Posted by: Aliza Kaplan | Aug 4, 2012 12:36:17 AM
Fascinating. I imagine the decision also may have interesting implications for federal and state child support and welfare laws, which have yet to catch up with the growing complexity raised by caregivers raising children from multiple families. See Adrienne Lockie, Multiple Families, Multiple Goals, Multiple Failures, 32 Harv. J. L. G. 109 (2009) (detailing federal and state child support laws that are based on false assumptions about family complexity and calling for an expanded definition of parenting and child support), available at http://papers.ssrn.com/sol3/papers.cfm?abstract_id=1268897.
Posted by: Adam Zimmerman | Aug 4, 2012 10:26:53 AM
Louisiana has recognized for some time by precedent the possibility of 2 dads and one mom for kids born of sex. Elsewhere,where there are 2 presumed dads, courts often are directed to choose between the 2 under vague statutory guidelines usually found in the marital presumption laws.

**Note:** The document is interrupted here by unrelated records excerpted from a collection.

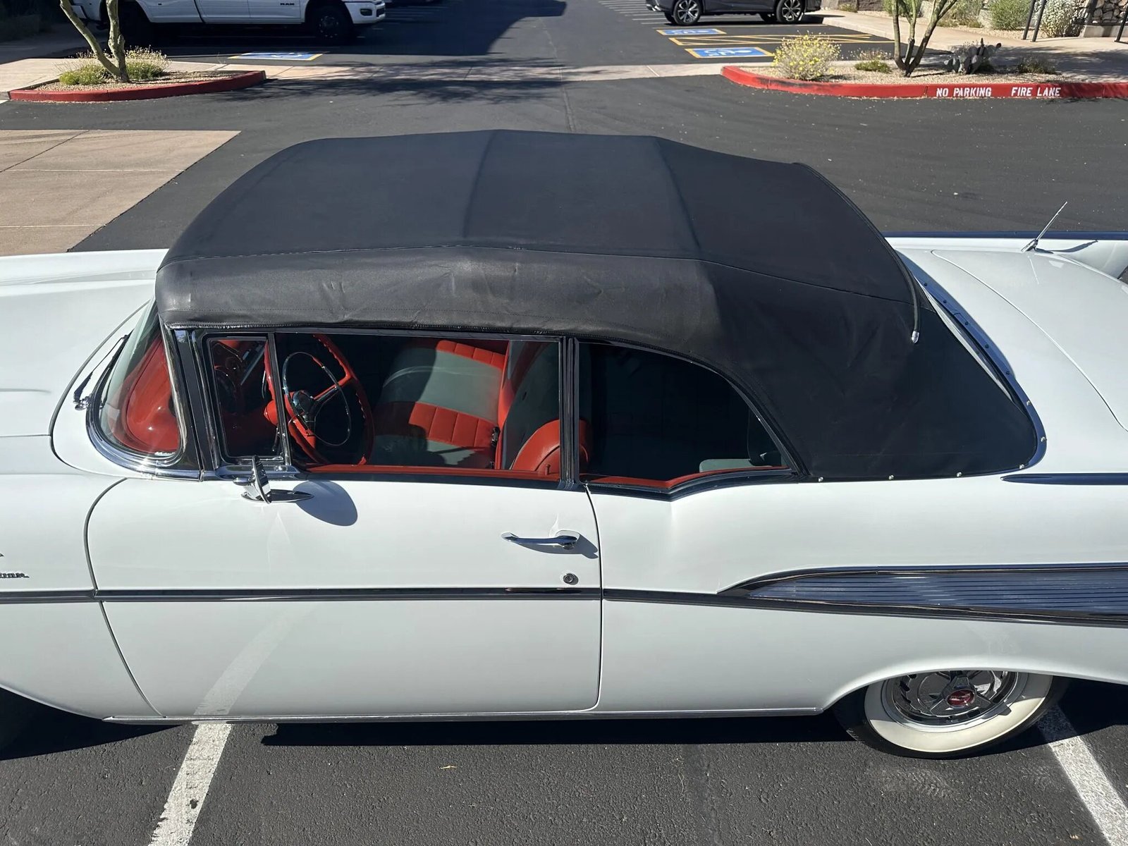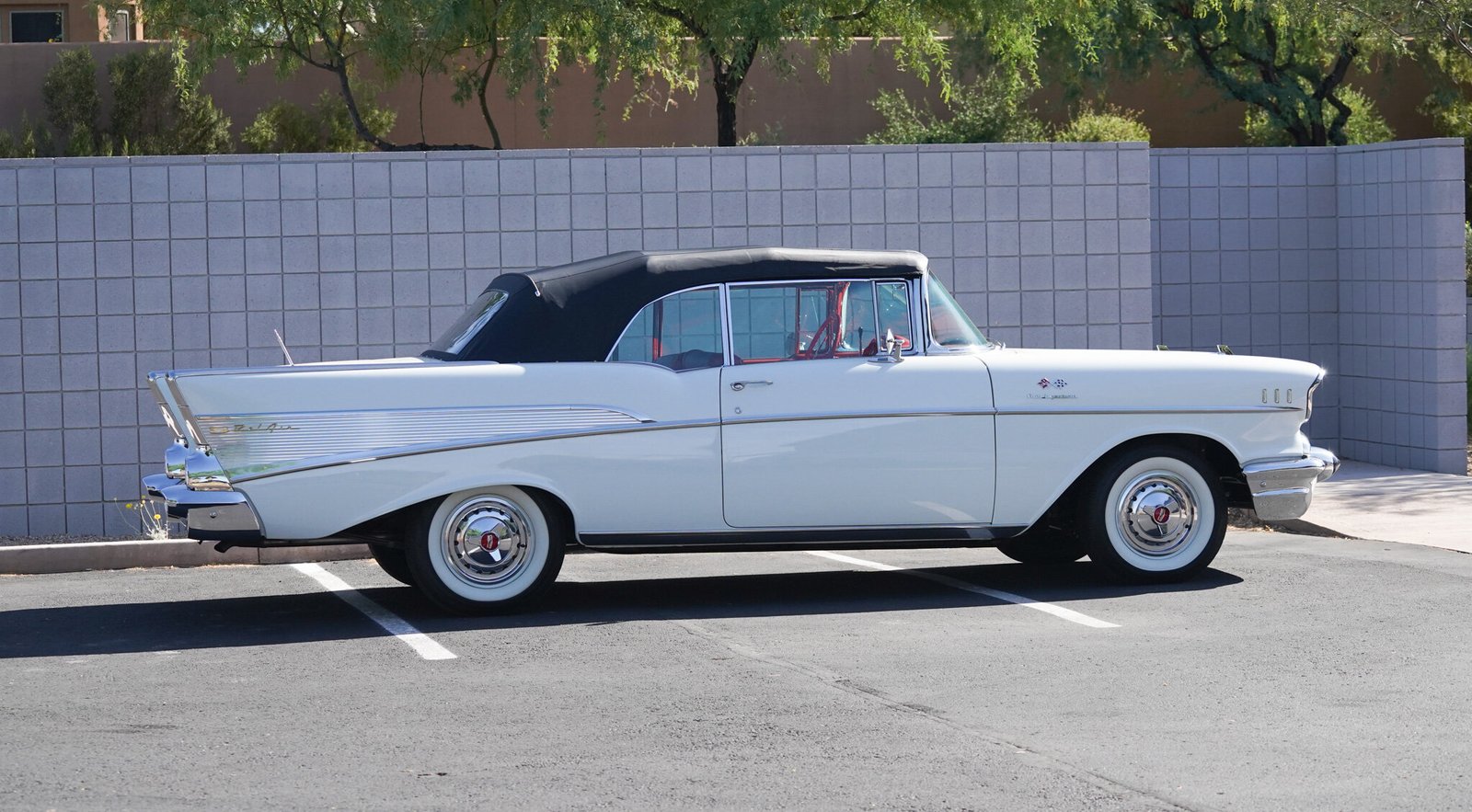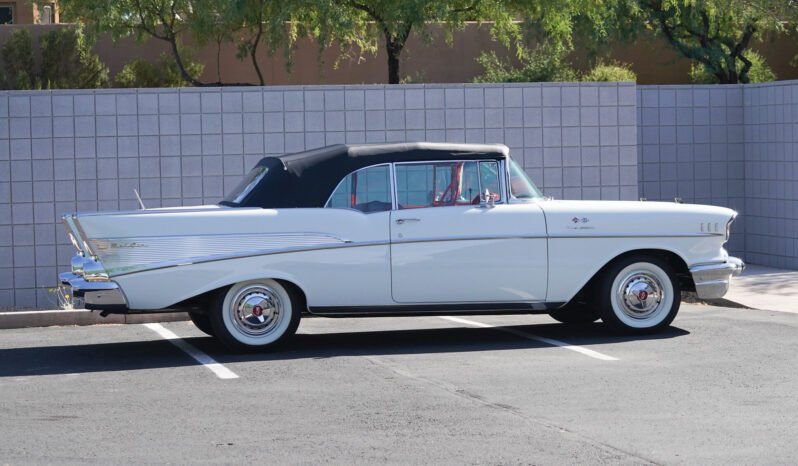 This 1957 Chevrolet Bel Air convertible is finished in Imperial Ivory over red and silver vinyl upholstery and powered by a fuel-injected 283ci V8 paired with a Turboglide automatic transmission. Equipment includes a power-operated black soft top, 14″ steel wheels, power-assisted steering and brakes, chrome bumpers and trim, power windows, a power front bench seat, and a Wonderbar AM radio.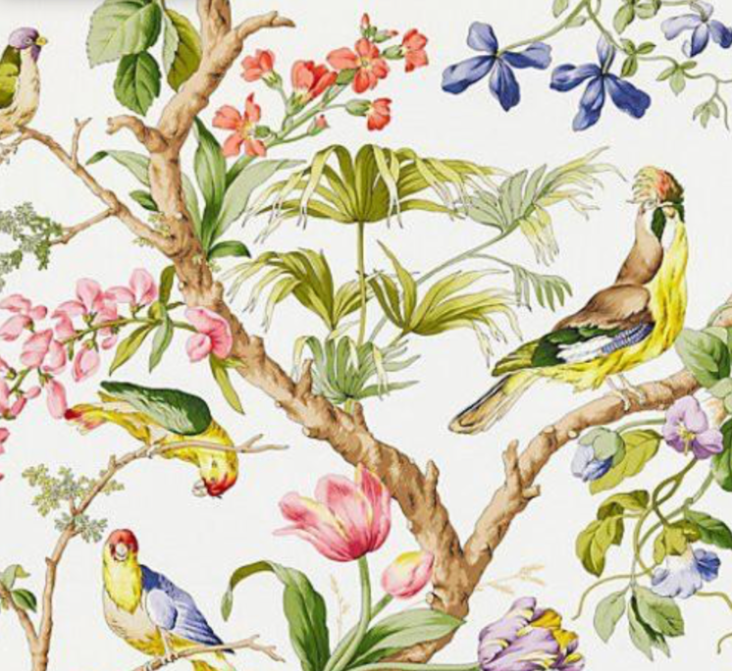 Scalamandre’s Belize pattern is filled with vibrant colors and all sorts of tropical birds. I love colorful birds.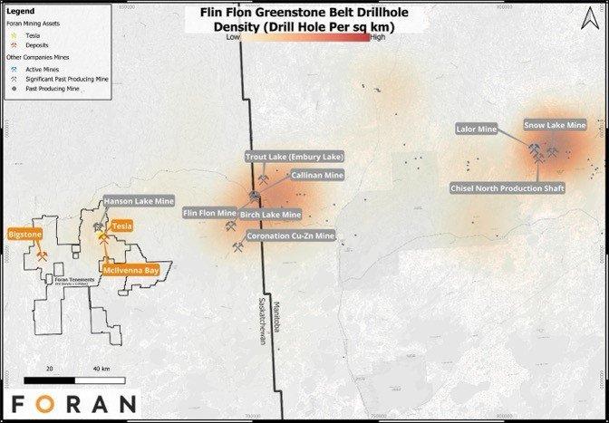 Abbildung 1 – Cluster von VHMS-Lagerstätten im Grünsteingürtel von Flin Flon, die die vergleichsweise geringe Bohrdichte der wenig erkundeten Grundstücke von Foran zeigen.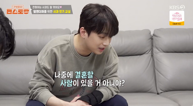 이찬원 배 사과 깎기 대회도 열렸다. 이찬원은 두 친구에게 “나중에 결혼할 사람이 있을 거아냐. 예비 장모님에게 점수를 어느정도 따느냐”라고 심사기준을 밝혔다.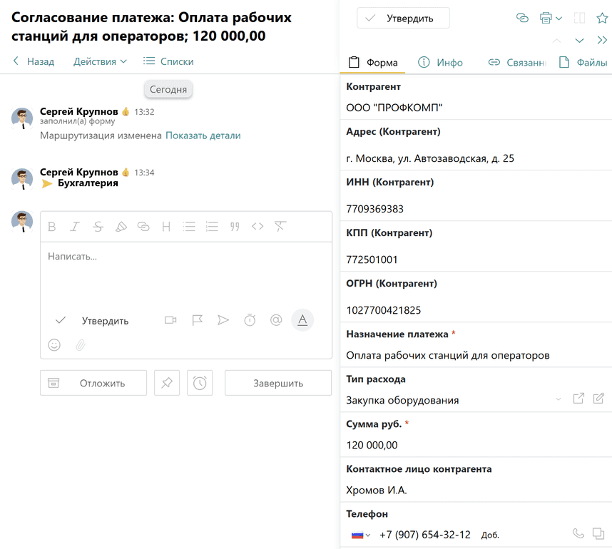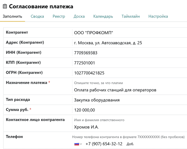 Как обычно происходит: создается простая форма заявки на платеж. Сотрудник заполняет ее и нажимает Отправить: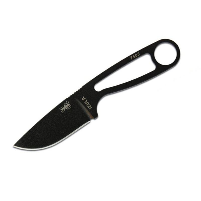 The locals in Peru call the meanest, nastiest ant of the jungle by the name "Isula" and ESEE knows it as the Bullet Ant. The Bullet Ant is known to be independent, tough, light on its feet, and a real aggressive survivor. The Izula knife is built the same way and designed to be the perfect lightweight survival tool or concealed carry knife. These knives are made from high carbon 1095 steel. And while 1095 is a top choice for professional cutlery designed for hard use, it will rust and stain if not properly cared for - especially on the cutting edge and around the laser engraving. It is the user's responsibility to keep the blades properly lubricated and cleaned. It is suggested using a dry film rust inhibitor such as TUF-GLIDE or TUF-CLOTH.
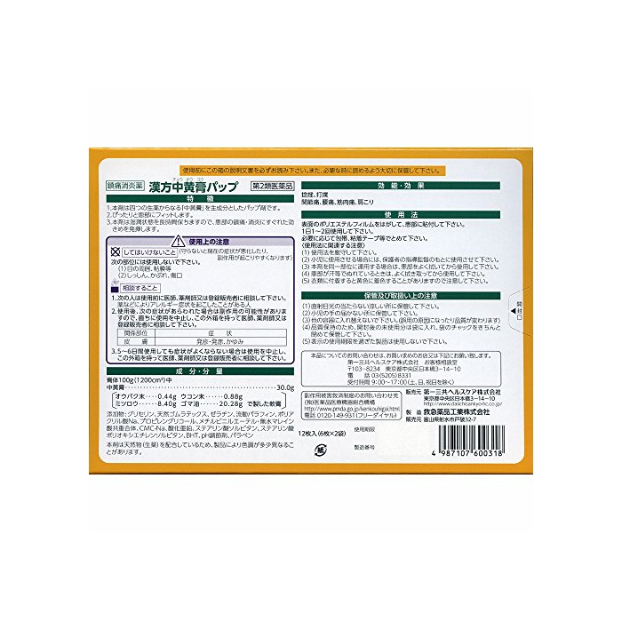 제일산쿄 헬스케어 【제2류의약품】한방 중황 고파《푸》 12매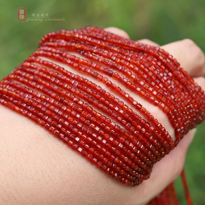 Xiaohongshu натуральный красный агат, сахарный кубик, свободные бусины 2,5, чистые красные граненые квадратные бусины, браслет-цепочка на ключицы с бусинами

Posted by: Jeff Parness | Aug 4, 2012 11:16:16 AM
Thanks to all for the great comments. As to the question of who qualifies as a parent in California, it includes most biological parents (outside of the ART arena), a man who signs a voluntary presumption of paternity, and a man who is married to and living with the mother, though the latter two are rebuttable by a judgment that
another man is the biological father. It also can include persons in a registered domestic partnership with a birth mother at the time of a child's birth, and someone who lives with a child and holds him/herself out as the child's parent. Accordingly, this new law will affect people in a number of situations, such as the stepparent situation Charles raises, as well as where a man began dating a woman when she was pregnant and then raised the child (the Seal-Heidi Klum situation, if Seal hadn't adopted her oldest child), or where a same-sex couple asked a male freind to help them conceive and agreed that all three adults would raise the child (modified "The Kids Are All Right" scenario).